An aeroplane flying in the air dips with a speed of 360 km per hr in a vertical circle of radius is 200m the weight of the pilot sitting in it 75kg calculate the force with which the pilot presses his seat and plane is at lowest point and plane is at highest point
what is 77g + 77*v^2/r
convert for v 360km/hr to m/s
Answer
To calculate the force with which the pilot presses his seat at the lowest and highest point, we need to consider two forces acting on the pilot: the gravitational force and the centrifugal force.
1. At the lowest point of the vertical circle:
At the lowest point, the plane is moving in the horizontal direction, while the pilot is moving in the vertical direction.
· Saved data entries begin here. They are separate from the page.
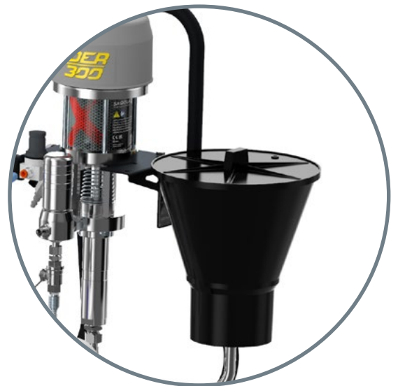
Trolley and deposit version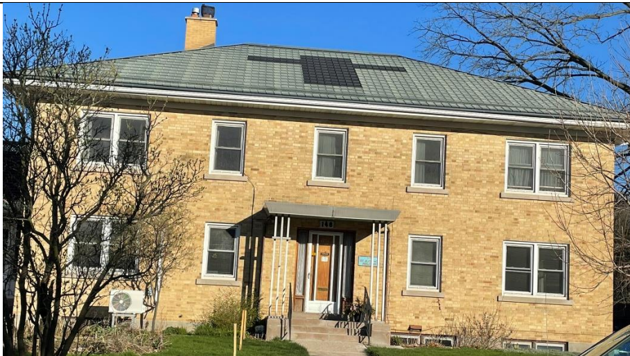
Side Elevation (East Façade) – 148 Madison Avenue South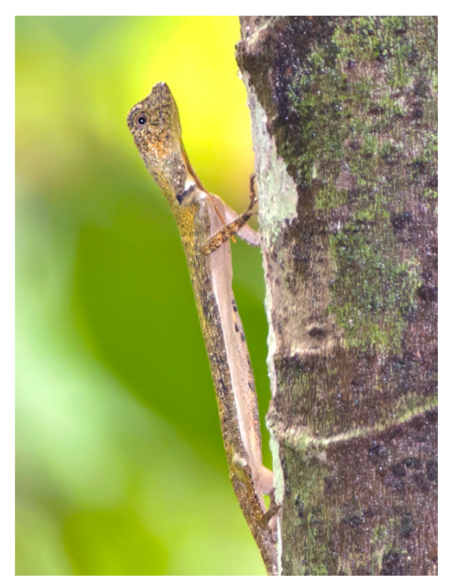
Fig. 5: Draco quinquefasciatus (male), 31 May 2011.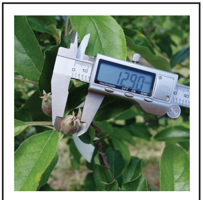
Figure 3. Me asuring fruit diameter with electronic calipers.

At the UMass Cold Spring Orchard, a petal fall application of NAA plus carbaryl was made. After the second measurement, based on the predicted number of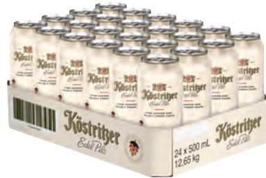
Köstritzer Pale Ale 24 x 0.5 l can tray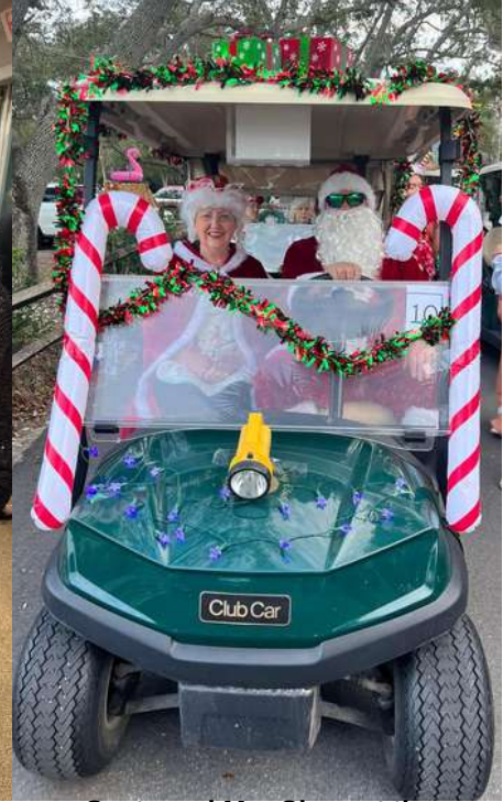
Santa and Mrs Claus at the Christmas Cart Parade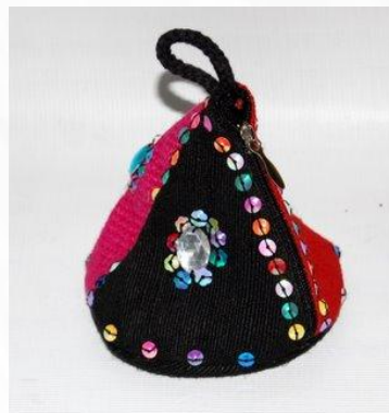
11. Children' bag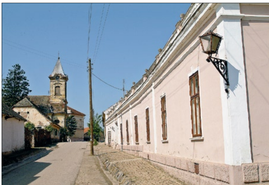
Figure 9 Centre of village with Catholic church

future, with economical and appropriate building of both residential and accompanying buildings and village canals. Certain parts of those objects (entrance gates, floors, supporting beams, certain stairs, yard parts, barns, tables, chairs etc.) were previously made of wood (there are plenty of it on Vrsacke mountains), and that tradition should also be preserved.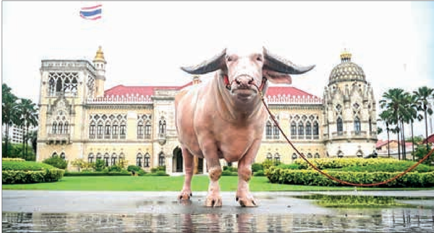
Bulky bovine Ko Muang Phet, who recently sold for about $500,000, was welcomed to Thailand's Government House.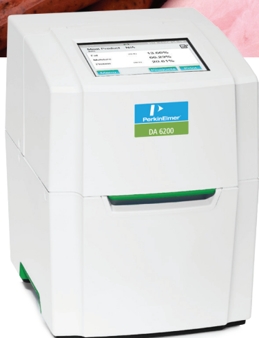
DA 6200™ Portable NIR Meat Analyzer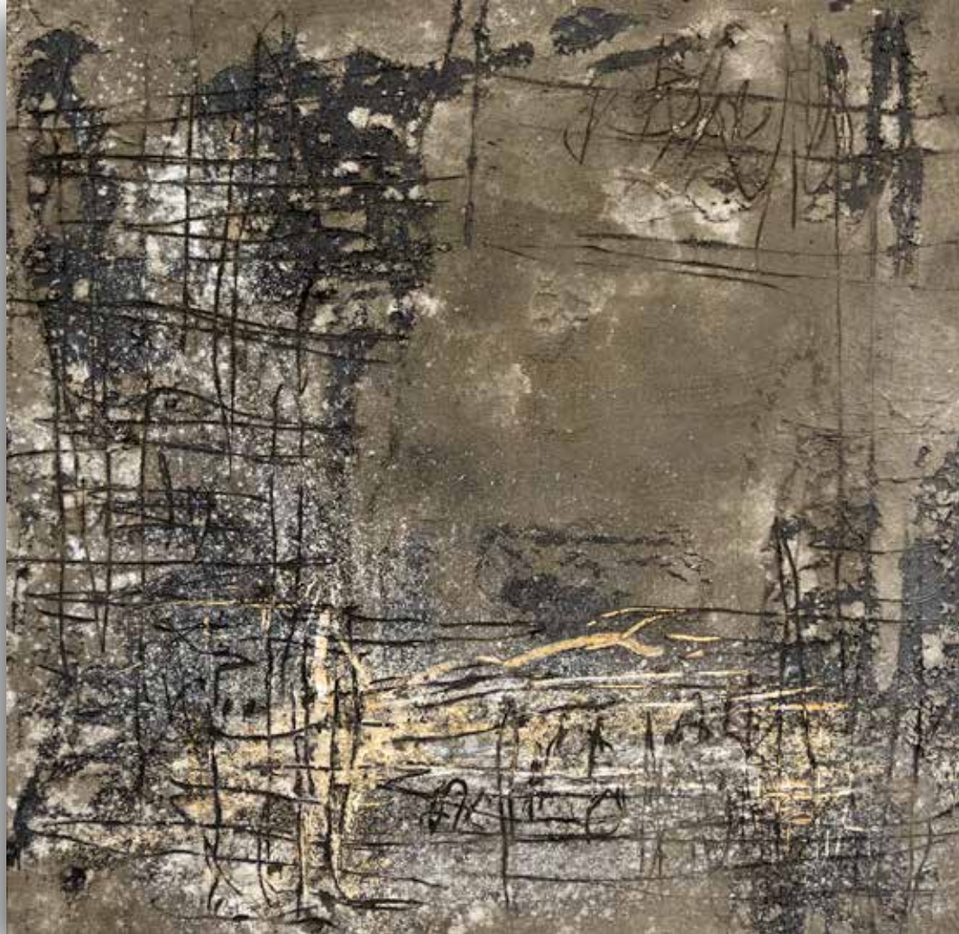
Simpsons Paradox 60x60 inches

In this case, the centrifugal force will be maximum and acting downwards, while the gravitational force will be acting downwards as well.
To calculate the centrifugal force:
Centrifugal force = m * (v^2) / r
m = mass of the pilot = 75 kg
v = velocity of the plane = 360 km/hr = 100 m/s (convert km/hr to m/s)
r = radius of the vertical circle = 200 m
Centrifugal force = 75 * (100^2) / 200 = 37,500 N (downwards, towards the seat)
The gravitational force will be the weight of the pilot:
Gravitational force = m * g
m = mass of the pilot = 75 kg
g = acceleration due to gravity = 9.8 m/s^2
Gravitational force = 75 * 9.8 = 735 N (downwards, towards the seat)
Therefore, at the lowest point, the force with which the pilot presses his seat is the sum of the centrifugal force and the gravitational force:
Force at lowest point = Centrifugal force + Gravitational force
Force at lowest point = 37,500 N + 735 N = 38,235 N (downwards, towards the seat)
2. At the highest point of the vertical circle:
At the highest point, the plane is still moving in the horizontal direction, while the pilot is moving in the vertical direction. In this case, the centrifugal force will be minimum and acting upwards, while the gravitational force will be acting downwards.
To calculate the centrifugal force:
Centrifugal force = m * (v^2) / r
Using the same values as before:
Centrifugal force = 37,500 N (upwards, away from the seat)
The gravitational force remains the same as before:
Gravitational force = 735 N (downwards, towards the seat)
Therefore, at the highest point, the force with which the pilot presses his seat is the difference between the gravitational force and the centrifugal force:
Force at highest point = Gravitational force - Centrifugal force
Force at highest point = 735 N - 37,500 N = -36,765 N (downwards, towards the seat)
Note: The negative sign indicates that the force is directed opposite to the positive direction (upwards) in this case.
So, the force with which the pilot presses his seat at the lowest point is 38,235 N downwards, and at the highest point is 36,765 N downwards.